EXERCISE AIM :: Your job is to return the whole listing unchanged while skipping its images.
-------- GIVEN INFORMATION --------
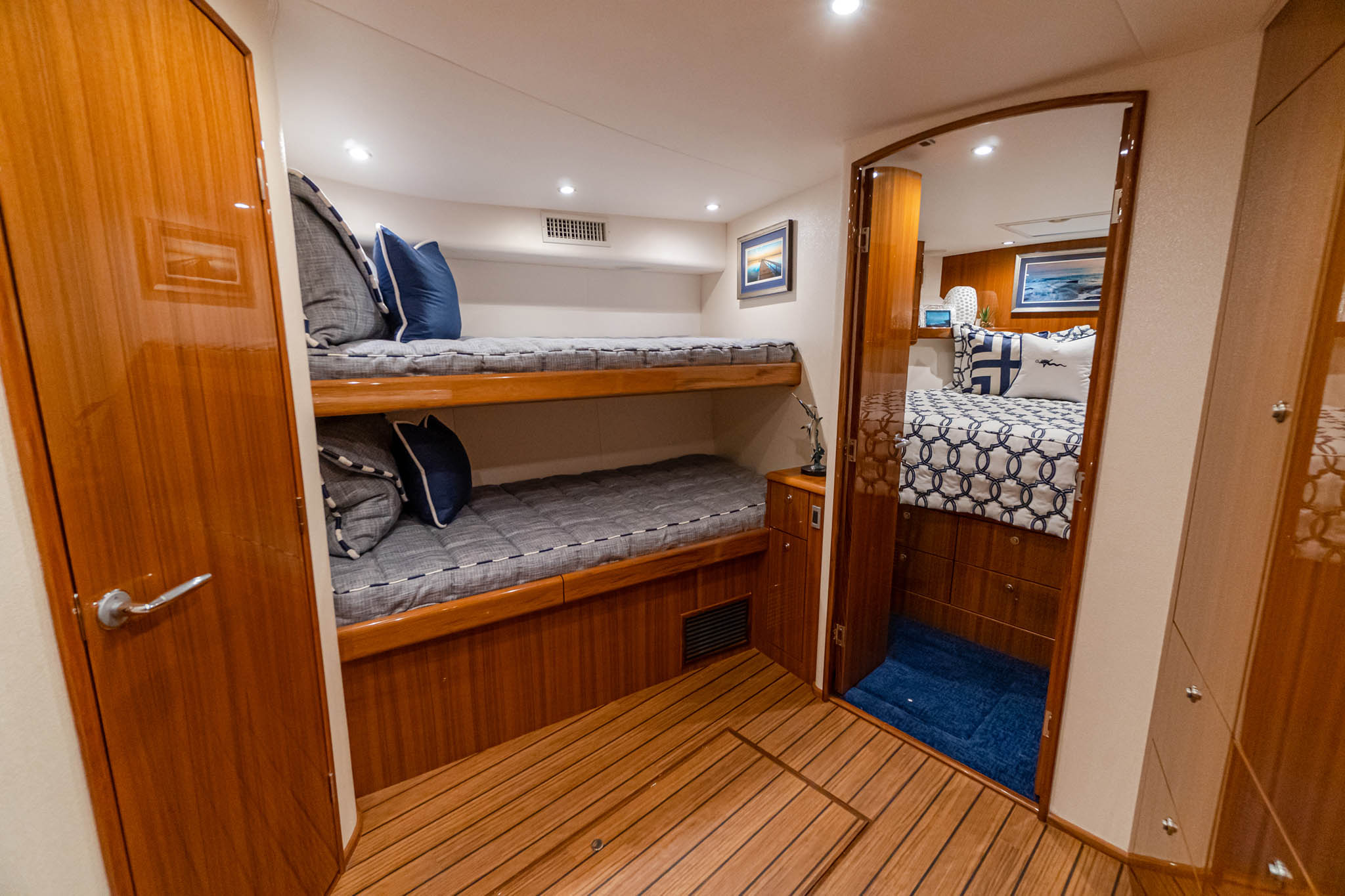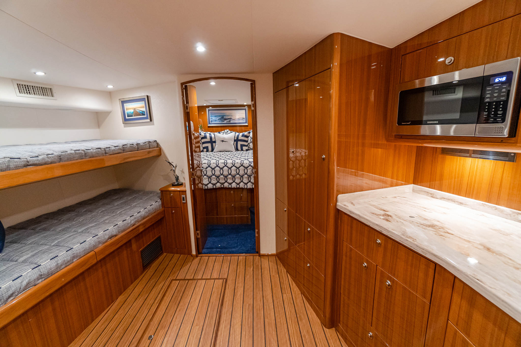 Rest up and recharge in the 46 Billfish’s air-conditioned cabin. Featuring high-gloss teak cabinetry and custom Amtico flooring, the fully appointed starboard-side galley has an L-shaped Corian countertop, a two-burner electric stove, a microwave/convection oven, cabinet storage and under-counter drawer-style refrigeration with a built-in ice maker. The private head, which is conveniently located immediately to port of the companionway stairs, has a large walk-in shower with satin nickel fixtures, an attractive Corian-topped vanity with sink and storage and a medicine cabinet with mirrored doors. Easily accessible upper and lower bunks on the port side await weary anglers, and there’s a hanging locker only a few steps away. The first-class accommodations continue in the private forward stateroom, with its island queen bed, a hanging locker, upper storage cabinetry and an HDTV with stereo and speakers.
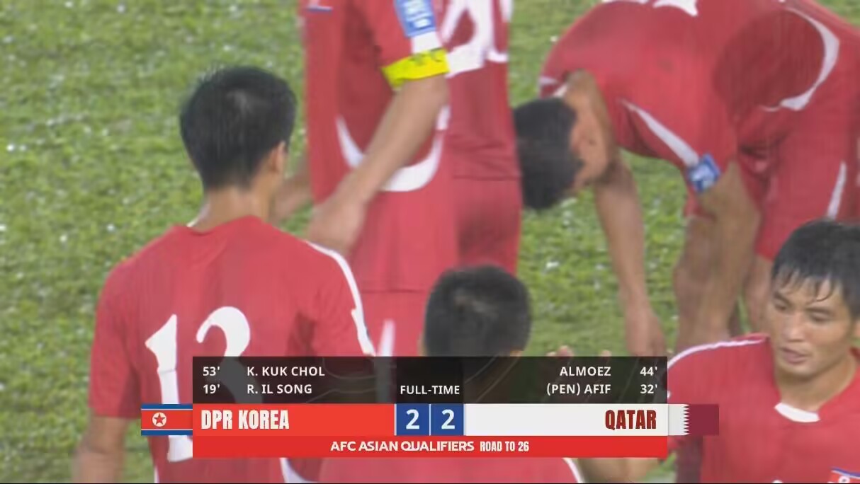 在上半场第28分钟就被罚下一人,少打一人作战长达近70分钟的情况下,凭借姜国哲在第51分钟的超远任意球世界波破门,朝鲜队2-2战平卡塔尔。
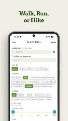 - Filter trails by difficulty level, terrain type, or distance
--------
TASK RESULT ::
 Rest up and recharge in the 46 Billfish’s air-conditioned cabin. Featuring high-gloss teak cabinetry and custom Amtico flooring, the fully appointed starboard-side galley has an L-shaped Corian countertop, a two-burner electric stove, a microwave/convection oven, cabinet storage and under-counter drawer-style refrigeration with a built-in ice maker. The private head, which is conveniently located immediately to port of the companionway stairs, has a large walk-in shower with satin nickel fixtures, an attractive Corian-topped vanity with sink and storage and a medicine cabinet with mirrored doors. Easily accessible upper and lower bunks on the port side await weary anglers, and there’s a hanging locker only a few steps away. The first-class accommodations continue in the private forward stateroom, with its island queen bed, a hanging locker, upper storage cabinetry and an HDTV with stereo and speakers.
 在上半场第28分钟就被罚下一人,少打一人作战长达近70分钟的情况下,凭借姜国哲在第51分钟的超远任意球世界波破门,朝鲜队2-2战平卡塔尔。
 - Filter trails by difficulty level, terrain type, or distance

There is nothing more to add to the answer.